The main characteristic of this type of asset is that it is backed by real gold, which means the fund holds gold bars in a vault as its underlying asset, rather than futures contracts or other financial derivatives.
It offers the opportunity to invest in gold without needing to store the metal yourself, which would entail higher transaction costs and security concerns.
More than 200 tons of Physical Gold
Physical gold ETCs, such as IGLN.UK or SGLN on other platforms, are popular among investors looking to hedge against inflation, diversify their portfolio, or seek a safe haven in times of uncertainty, which gold provides, but without the costs involved in storing bullions yourself.
The bars of a physical gold ETC are stored in vaults and are audited periodically. In the case of this one, there are over 200 tons under the custody of JP Morgan and managed by State Street, the issuer of SPDR ETFs (spider). The gold bars back the issued securities and are valued daily by the London fix price, which is the center of gold trading worldwide.

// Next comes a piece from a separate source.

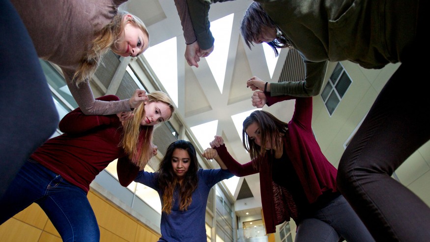 Ohio Wesleyan University will present ‘Orchesis 2014’ Nov. 15-17. The contemporary dance performance will include, clockwise from left, Lauren Holler, Maddie Presley-Wolff, Yasmin Radzi, Buzzy Biddinger, and Katie Sponseller. (Photo by Mark Schmitter ’12)

ETC is like a Commodity ETF
An ETC is essentially a commodity ETF, with a small difference in securitization, their financial architecture: the ETC is structured as debt securities backed by commodities, and the ETF as an exchange-traded fund, but in practice the ETC functions much like a commodity ETF, and in this case, it’s 100% allocated in physical gold.
As they are exchange-traded funds, they offer liquidity and ease of trading without the need to directly deal with the storage and physical transportation of gold, or pay the high fees of mutual funds, which were the more traditional funds in the market before ETFs emerged in the ’90s.
Look for the management fees of each ETF
It’s important for an investor interested in trading this or any other ETF to conduct their own research and understand the risks and costs of the fund before investing, such as associated fees and how it fits into their investment strategy, as this video is educational and not an investment recommendation.
There are several physical gold ETFs available, with the largest being the GLD from State Street. However, because it is the largest, it needs to hold more gold bars in stock and has a management fee of 0.40%. For this reason, I chose the IGLN.UK, which is the iShares physical gold ETF, with a fee of 0.15%, and [platform] charges zero commission.
It is listed in the UK, hence the ‘.UK’, but denominated in US dollars, and as the price of gold fluctuates in the market, the value of the ETF’s share moves accordingly, providing a convenient and liquid way to invest in gold.